On the evening of April 20, 2015, a National Zoo police car arrived at Dulles Airport to meet Caitlin Burrell and the container of frozen giant panda sperm she had carried with her from China. Burrell is a research scientist at the Smithsonian Conservation Biology Institute (SCBI), and her journey has just opened a new window of opportunity for diversity among panda breeding programs.
“Getting the sperm here was a huge endeavor,” says SCBI veterinarian Copper Aitken-Palmer. “It sets a nice precedent, because it really has never happened here in the United States before. It opens up a lot of possibilities.”
The team had to jump through a tangle of administrative hurdles to make it happen, however, including obtaining permits from the U.S. Fish and Wildlife Service, the U.S. Department of Agriculture, the Convention on International Trade in Endangered Species (CITES), and the Chinese Government. Not only that, but to make the trans-oceanic journey with a carry-on container of frozen sperm, the team needed approval from the airline, and to by-pass security’s X-ray machines which could have damaged the sperm’s DNA, they needed special permission from TSA.
Throughout the journey, which spanned more than 20 hours and 7,000 miles, the cooler of liquid nitrogen needed to remain upright, because tilting it on its side could have compromised the temperature, which had to be maintained at -196 degrees Celsius.
The sperm, taken from a nine-year old panda named Hui Hui will be used to impregnate the Zoo’s 16-year-old female panda Mei Xiang. It’s more than just an exercise in cross-cultural panda relations. Panda breeding experts wanted Hui Hui’s sperm in particular because his lineage is not well represented in the captive panda population.

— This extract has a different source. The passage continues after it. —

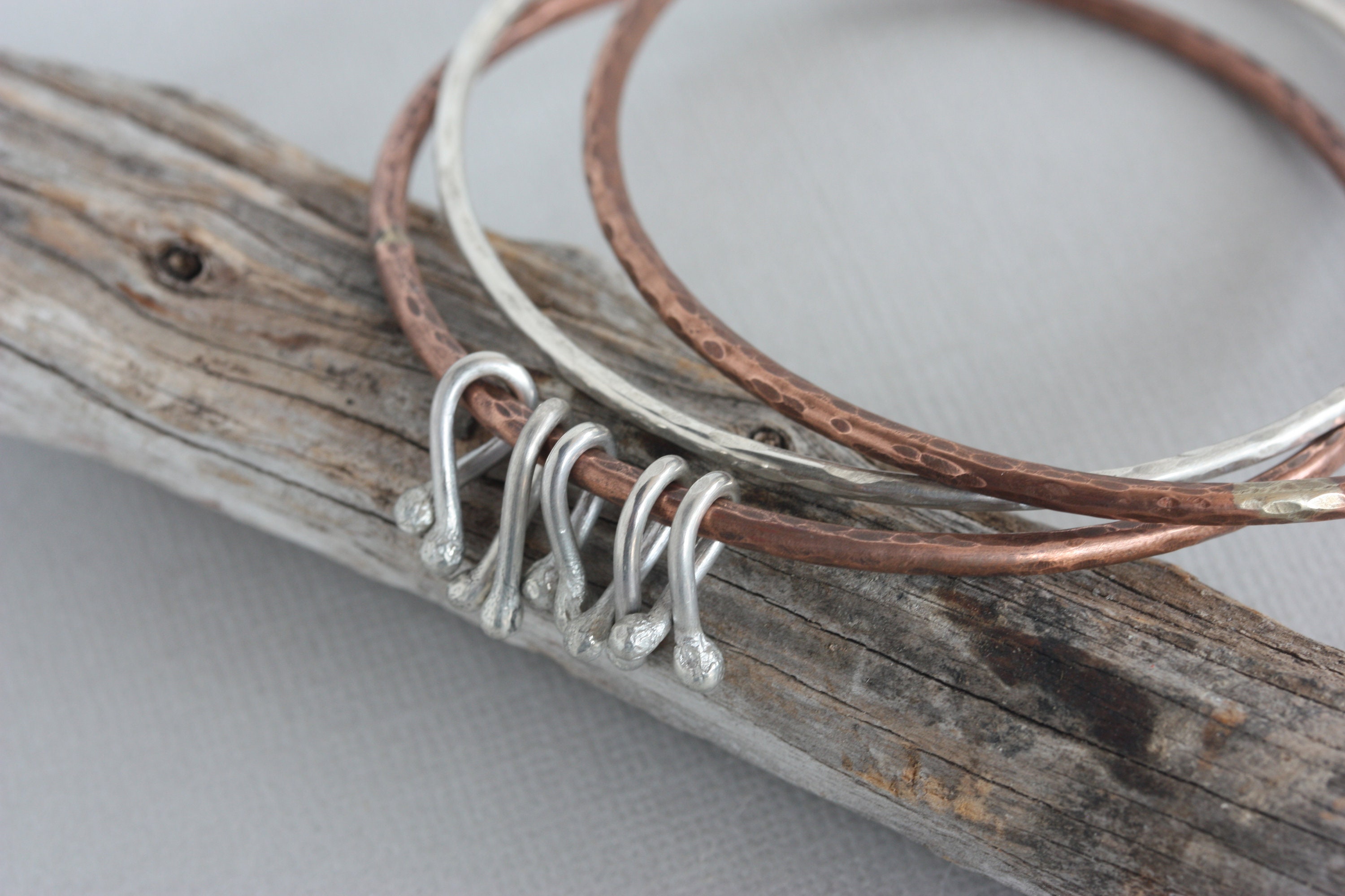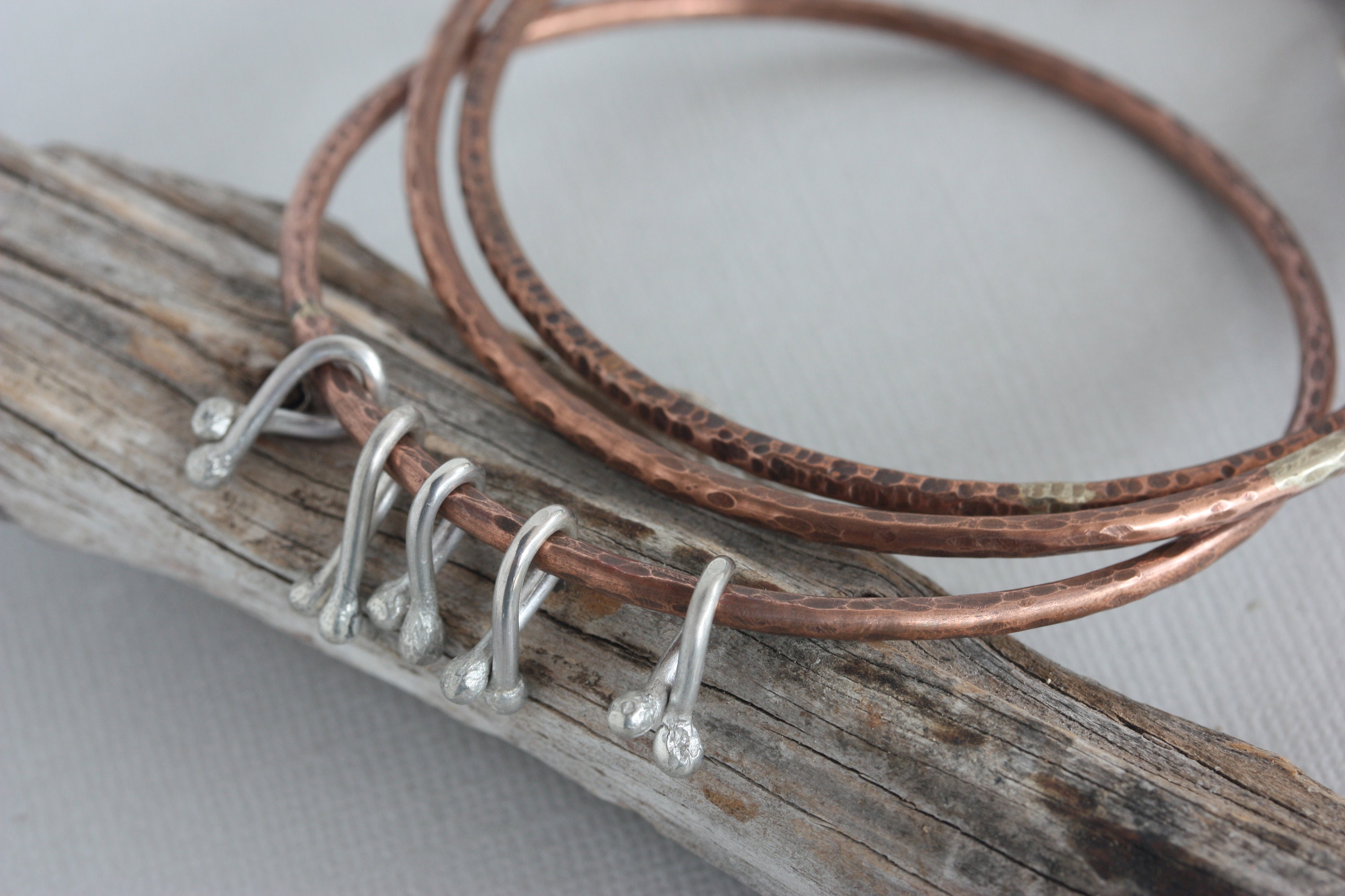 A simple 10 gauge copper wire is hand soldered and textured to create a beautiful and light weight bangle bracelet. It is adorned with handmade sterling silver dangle accents that will "twirl" around your bangle. It is fun to wear and to play with! The listing is for one bangle but is shown in several photos with other handmade bangles from my Etsy store. Pair this bangle with another copper or silver bangle. Or with my sterling silver bangle with a heart charm! You have lots of options with this fun bangle to wear with your collection of bangles or just by itself. It's about 3mm wide and comes in several diameters. See the drop down menu for sizes.

“What we’re trying to do is make sure that the gene pool of the captive population stays as diverse and as healthy as possible,” says Jon Ballou, a conservation geneticist at SCBI. There are just 397 giant pandas in captivity, and scientists would like to raise that number to 500. As matchmakers to the world’s giant panda programs, Ballou and a colleague from the International Union for the Conservation of Nature analyze the global database every year to determine which males should be mated to which females.
“We call it the stud book,” Ballou says. “The most genetically valuable ones will be the ones that haven’t done very much breeding before. They’re closely related to, or they are, animals that have come out of the wild, and they’re unrelated to the females we want to breed them with.”
Hui Hui, stud number 609, has not yet reproduced. His father came from the wild, and his mother was just one generation removed from the wild. He was a good match for the Zoo’s Mei Xiang.
“Mei Xiang is pretty important for the giant panda population,” says Aitken-Palmer, “because there’s not a lot of offspring from her lineage.” Although she has already borne two cubs with the National Zoo’s Tian Tian, his lineage is not as valuable. “His father was really good at natural mating before we had artificial insemination figured out,” she adds. “We kind of joke that he’s everybody’s daddy, and because of that Tian Tian’s lineage is pretty well represented.”
Selecting this new mate for Mei Xiang was the easy part. Figuring out how the match would be made was another story. Bringing Hui Hui to the U.S. was out of the question. But sending sperm from China had never been done. According to Aitken-Palmer, the first actual shipment of panda sperm from China was sent to a Memphis breeding program via FedEx just last week. But with spring approaching, and Mei Xiang nearing the two- to three-day window of fertility, breeders at the Zoo didn’t want to take the chance that something would go wrong. They decided to travel to China personally to escort the precious cargo back.
For all the difficulty in getting it here, Hui Hui’s sperm seems to have arrived just in time. Mei Xiang is showing signs that she will be going into estrus in the next week or two. It may take a long time before we know if all this effort will bear fruit, however. In giant pandas, a fertilized egg doesn’t necessarily implant and start to grow right away. So even if the artificial insemination works, a new panda cub could take 80 to 180 days to arrive at the Zoo.
Breeders at the Zoo will begin taking ultra-sounds of Mei Xiang soon after insemination, but for at least the first two months it will be just to get her used to the process. Panda fetuses don’t even show up on an ultra-sound until 17 to 20 days before birth.
“They like to keep us waiting,” says Aitken-Palmer. “I’m excited about the breeding season because there’s a lot of unpredictability around it, but we also have a lot of science that we use to gauge the right time for artificial insemination. We have pretty good odds on making panda babies.”